**Task instructions**
Copy word for word, please, the lines of the entries below running from the one containing "The Godfather Is" to the one containing "亀井也真人さんの画数の鑑定結果", both ends included.

**Working data**
####

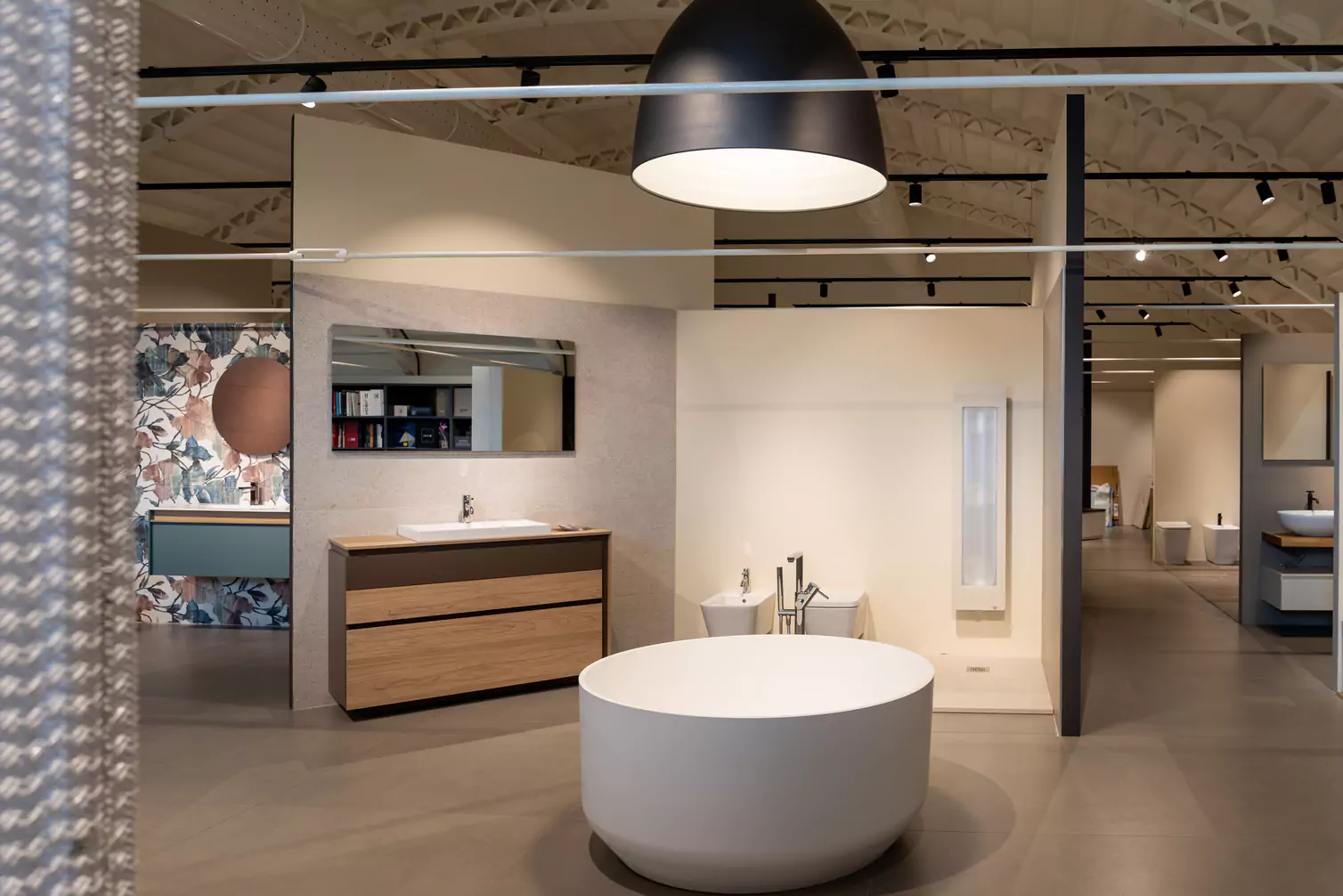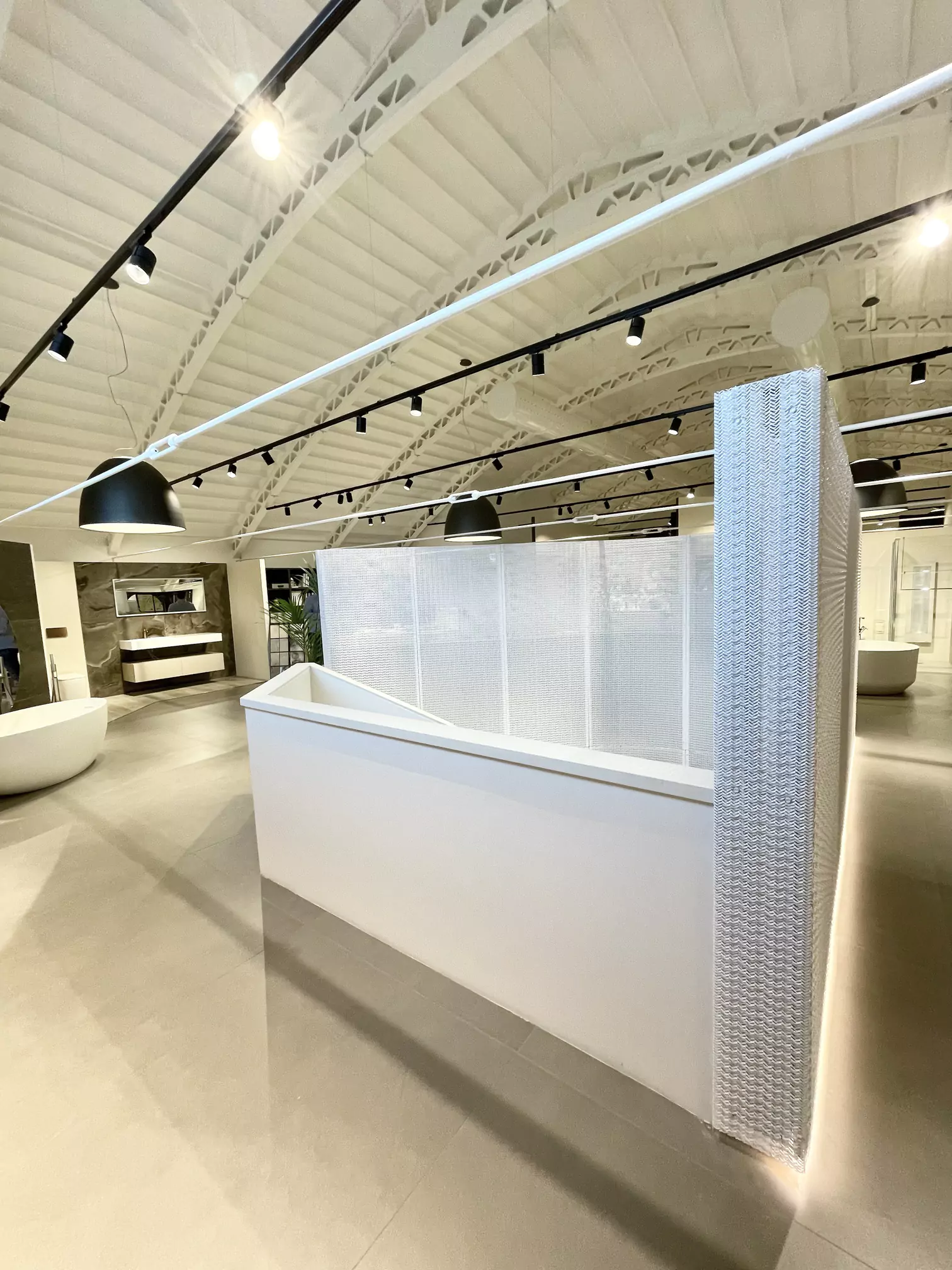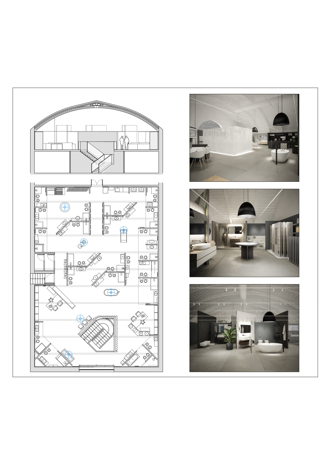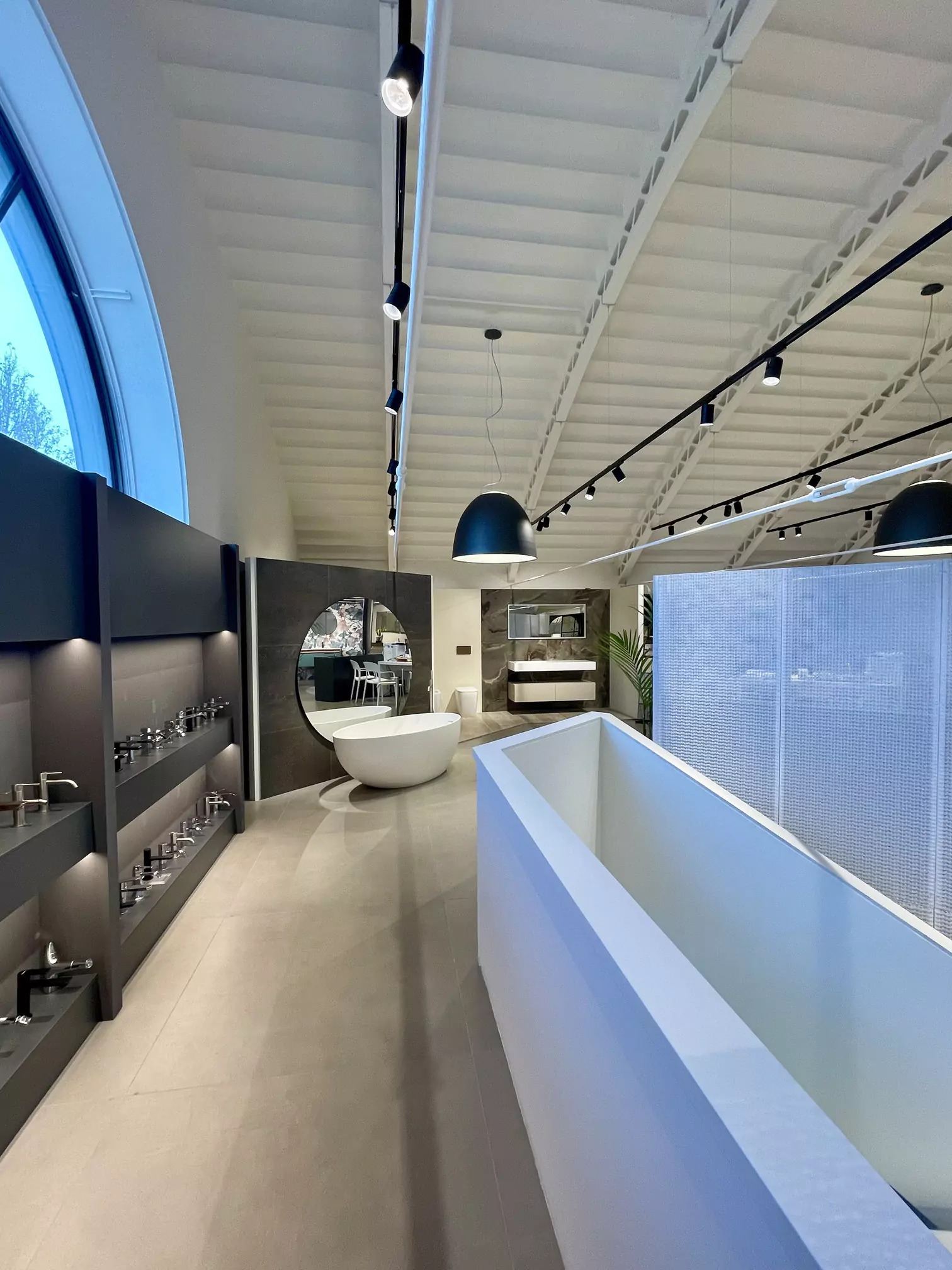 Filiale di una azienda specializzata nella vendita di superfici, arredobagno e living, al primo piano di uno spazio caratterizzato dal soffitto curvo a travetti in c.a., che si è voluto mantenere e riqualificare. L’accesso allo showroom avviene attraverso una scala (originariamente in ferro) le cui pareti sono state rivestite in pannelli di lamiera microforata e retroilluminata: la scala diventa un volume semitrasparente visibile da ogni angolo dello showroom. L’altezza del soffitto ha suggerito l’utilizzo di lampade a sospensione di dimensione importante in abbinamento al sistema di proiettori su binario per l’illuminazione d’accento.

####

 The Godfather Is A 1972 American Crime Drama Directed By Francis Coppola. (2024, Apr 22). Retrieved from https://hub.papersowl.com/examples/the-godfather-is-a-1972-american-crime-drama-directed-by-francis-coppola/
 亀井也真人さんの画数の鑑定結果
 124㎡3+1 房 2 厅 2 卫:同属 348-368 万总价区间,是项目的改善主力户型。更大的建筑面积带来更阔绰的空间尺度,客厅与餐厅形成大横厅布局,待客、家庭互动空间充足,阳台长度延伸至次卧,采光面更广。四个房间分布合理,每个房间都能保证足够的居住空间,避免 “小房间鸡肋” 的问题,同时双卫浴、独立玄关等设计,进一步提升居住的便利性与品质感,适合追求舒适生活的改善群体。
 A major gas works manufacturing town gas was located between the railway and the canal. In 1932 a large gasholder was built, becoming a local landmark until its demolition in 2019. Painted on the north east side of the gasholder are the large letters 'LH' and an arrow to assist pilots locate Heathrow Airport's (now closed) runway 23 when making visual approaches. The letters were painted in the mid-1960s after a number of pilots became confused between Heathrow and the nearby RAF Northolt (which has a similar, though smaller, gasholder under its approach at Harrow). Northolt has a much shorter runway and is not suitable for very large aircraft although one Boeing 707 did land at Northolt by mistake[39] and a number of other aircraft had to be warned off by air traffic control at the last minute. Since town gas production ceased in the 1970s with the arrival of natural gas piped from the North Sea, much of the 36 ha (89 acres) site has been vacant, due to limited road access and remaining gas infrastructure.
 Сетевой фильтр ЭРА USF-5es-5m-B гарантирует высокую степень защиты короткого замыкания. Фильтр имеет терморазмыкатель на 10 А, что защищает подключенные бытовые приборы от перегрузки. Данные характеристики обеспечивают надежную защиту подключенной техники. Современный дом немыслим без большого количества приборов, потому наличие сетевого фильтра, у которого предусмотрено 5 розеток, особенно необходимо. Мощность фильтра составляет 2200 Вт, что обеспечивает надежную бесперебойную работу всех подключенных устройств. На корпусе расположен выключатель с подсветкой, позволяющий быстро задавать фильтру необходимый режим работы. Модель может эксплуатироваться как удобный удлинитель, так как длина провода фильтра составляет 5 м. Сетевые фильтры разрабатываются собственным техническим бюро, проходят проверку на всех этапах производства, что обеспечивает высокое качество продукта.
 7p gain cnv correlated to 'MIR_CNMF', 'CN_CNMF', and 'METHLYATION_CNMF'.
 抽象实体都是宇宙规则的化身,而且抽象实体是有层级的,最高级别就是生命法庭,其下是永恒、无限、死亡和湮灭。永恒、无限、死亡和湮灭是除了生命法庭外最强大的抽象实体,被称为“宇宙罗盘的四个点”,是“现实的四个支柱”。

####

**Answer space**
 The Godfather Is A 1972 American Crime Drama Directed By Francis Coppola. (2024, Apr 22). Retrieved from https://hub.papersowl.com/examples/the-godfather-is-a-1972-american-crime-drama-directed-by-francis-coppola/
 亀井也真人さんの画数の鑑定結果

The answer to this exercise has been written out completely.